After eight years in the pros, and big-name matchups against the likes of Victor Ortiz and Amir Khan, the ever-stoic Peterson does not feel intimated by the spotlight of a primetime television event. The Washington D.C. native prefers to focus on his opponent and the task ahead of him.

“This is boxing,” Peterson said. “I’m really not worried about anything.  That’s just my personality; that’s just me.  At the end of the day, Danny’s a champion, he’s a top fighter.  We’ll go in there and we’ll fight.  No worries.  No pressure.  I’m just a person who loves to fight, and I’m happy to be fighting Danny Garcia.“

Danny Garcia throws a right at Lucas Matthysse (Getty)

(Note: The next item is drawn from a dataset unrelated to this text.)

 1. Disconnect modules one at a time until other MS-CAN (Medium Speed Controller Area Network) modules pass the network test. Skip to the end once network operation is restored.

Danny Garcia throws a right at Lucas Matthysse (Getty)

In his previous fight, unified super lightweight champion Garcia (29-0, 17 KOs) pummeled an overmatched Rod Salka on his way to a second-round kayo in June 2014. Prior to the Salka mugging, 27-year-old Garcia had squeezed by Mauricio Herrera with a majority decision, and outpointed Lucas Mattysse.

Despite having defeated the very opponent that stopped Peterson in 2013, Garcia knows better than to look past his next opponent.

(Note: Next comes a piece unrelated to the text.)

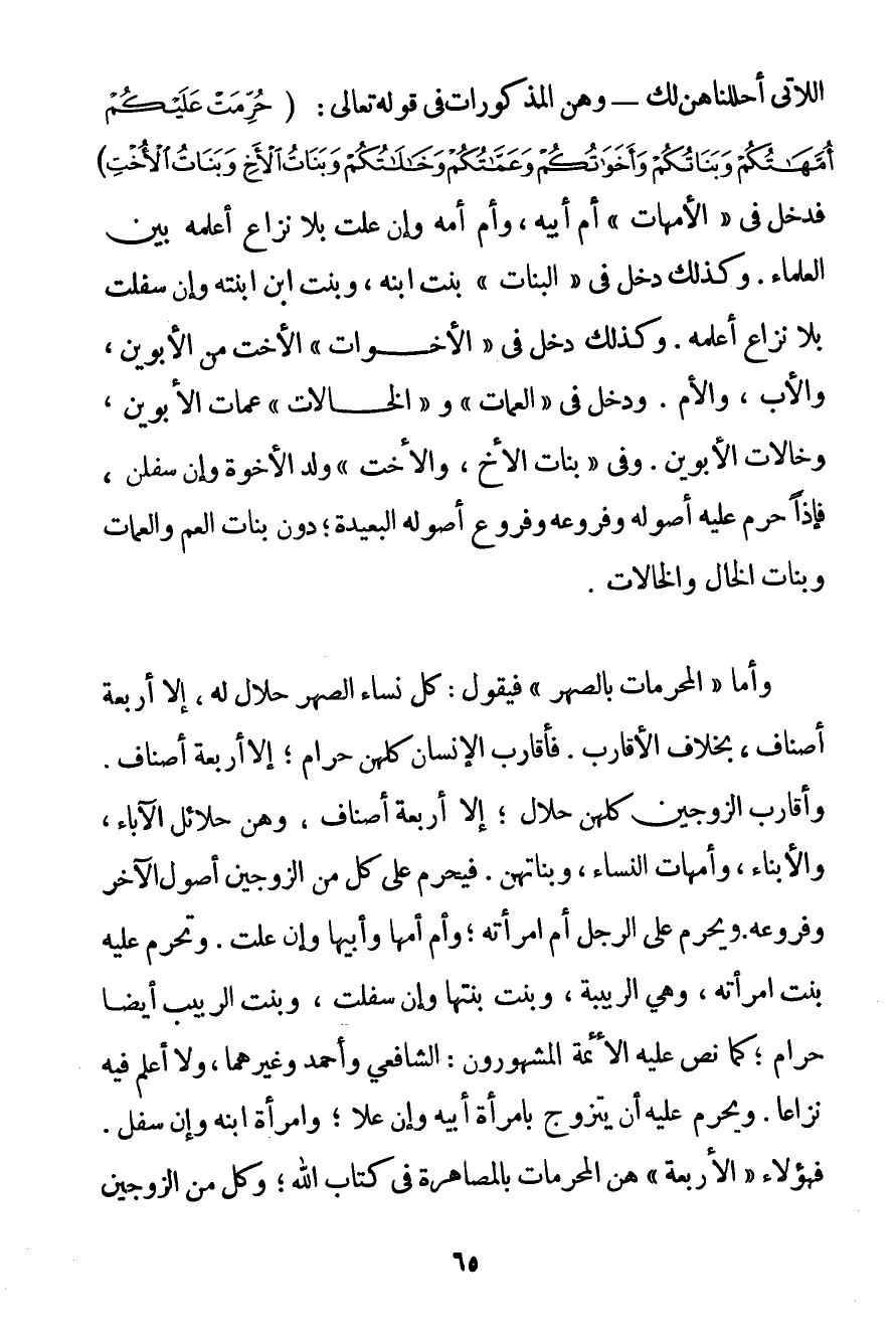 اللَّاتِي أَحْلَلْنَاهُنَّ لَك وَهُنَّ الْمَذْكُورَاتُ فِي قَوْله تَعَالَى {حُرِّمَتْ عَلَيْكُمْ أُمَّهَاتُكُمْ وَبَنَاتُكُمْ وَأَخَوَاتُكُمْ وَعَمَّاتُكُمْ وَخَالَاتُكُمْ وَبَنَاتُ الْأَخِ وَبَنَاتُ الْأُخْتِ} فَدَخَلَ فِي " الْأُمَّهَاتِ " أُمُّ أَبِيهِ وَأُمُّ أُمِّهِ وَإِنْ عَلَتْ بِلَا نِزَاعٍ أَعْلَمُهُ بَيْنَ الْعُلَمَاءِ. وَكَذَلِكَ دَخَلَ فِي " الْبَنَاتِ " بِنْتُ ابْنِهِ وَبِنْتُ ابْنِ ابْنَتِهِ وَإِنْ سَفَلَتْ بِلَا نِزَاعٍ أَعْلَمُهُ. وَكَذَلِكَ دَخَلَ فِي " الْأَخَوَاتِ " الْأُخْتُ مِنْ الْأَبَوَيْنِ وَالْأَبُ وَالْأُمِّ. وَدَخَلَ فِي " الْعَمَّاتِ " و " الْخَالَاتِ " عَمَّاتُ الْأَبَوَيْنِ وَخَالَاتُ الْأَبَوَيْنِ. وَفِي " بَنَاتِ الْأَخِ وَالْأُخْتِ " وَلَدُ الْإِخْوَةِ وَإِنْ سَفُلْنَ فَإِذَا حَرُمَ عَلَيْهِ أُصُولُهُ وَفُرُوعُهُ وَفُرُوعُ أُصُولِهِ الْبَعِيدَةِ؛ دُونَ بَنَاتِ الْعَمِّ وَالْعَمَّاتِ وَبَنَاتِ الْخَالِ وَالْخَالَاتِ. وَأَمَّا " الْمُحَرَّمَاتُ بِالصِّهْرِ " فَيَقُولُ: كُلُّ نِسَاءِ الصِّهْرِ حَلَالٌ لَهُ إلَّا أَرْبَعَةُ أَصْنَافٍ بِخِلَافِ الْأَقَارِبِ. فَأَقَارِبُ الْإِنْسَانِ كُلُّهُنَّ حَرَامٌ؛ إلَّا أَرْبَعَةُ أَصْنَافٍ. وَأُقَارِبُ الزَّوْجَيْنِ كُلُّهُنَّ حَلَالٌ؛ إلَّا أَرْبَعَةُ أَصْنَافٍ وَهُنَّ حَلَائِلُ الْآبَاءِ وَالْأَبْنَاءِ وَأُمَّهَاتُ النِّسَاءِ وَبَنَاتُهُنَّ. فَيَحْرُمُ عَلَى كُلٍّ مِنْ الزَّوْجَيْنِ أُصُولُ الْآخَرِ وَفُرُوعُهُ. وَيَحْرُمُ عَلَى الرَّجُلِ أُمُّ امْرَأَتِهِ؛ وَأُمُّ أُمِّهَا وَأَبِيهَا وَإِنْ عَلَتْ. وَتَحْرُمُ عَلَيْهِ بِنْتُ امْرَأَتِهِ وَهِيَ الرَّبِيبَةُ وَبِنْتُ بِنْتِهَا وَإِنْ سَفَلَتْ وَبِنْتُ الرَّبِيبِ أَيْضًا حَرَامٌ؛ كَمَا نَصَّ عَلَيْهِ الْأَئِمَّةُ الْمَشْهُورُونَ: الشَّافِعِيُّ وَأَحْمَد وَغَيْرُهُمَا وَلَا أَعْلَمُ فِيهِ نِزَاعًا. وَيَحْرُمُ عَلَيْهِ أَنْ يَتَزَوَّجَ بِامْرَأَةِ أَبِيهِ وَإِنْ عَلَا؛ وَامْرَأَةِ ابْنِهِ وَإِنْ سَفَلَ. فَهَؤُلَاءِ " الْأَرْبَعَةُ " هُنَّ الْمُحَرَّمَاتُ بِالْمُصَاهَرَةِ فِي كِتَابِ اللَّهِ؛ وَكُلٌّ مِنْ الزَّوْجَيْنِ

“[Peterson’s] faced great opponents, he’s faced great fighters too,” the undefeated Garcia said. “I think stylistically this is going to be a great fight, and it’s big for my legacy, so I’ve got to go in there and make sure I go in there and hand him my business.”

In the co-feature of the evening, middleweight Andy Lee (34-2, 24 KOs) defends his WBO World middleweight title against Peter “Kid Chocolate” Quillin (31-0, 22 KOs).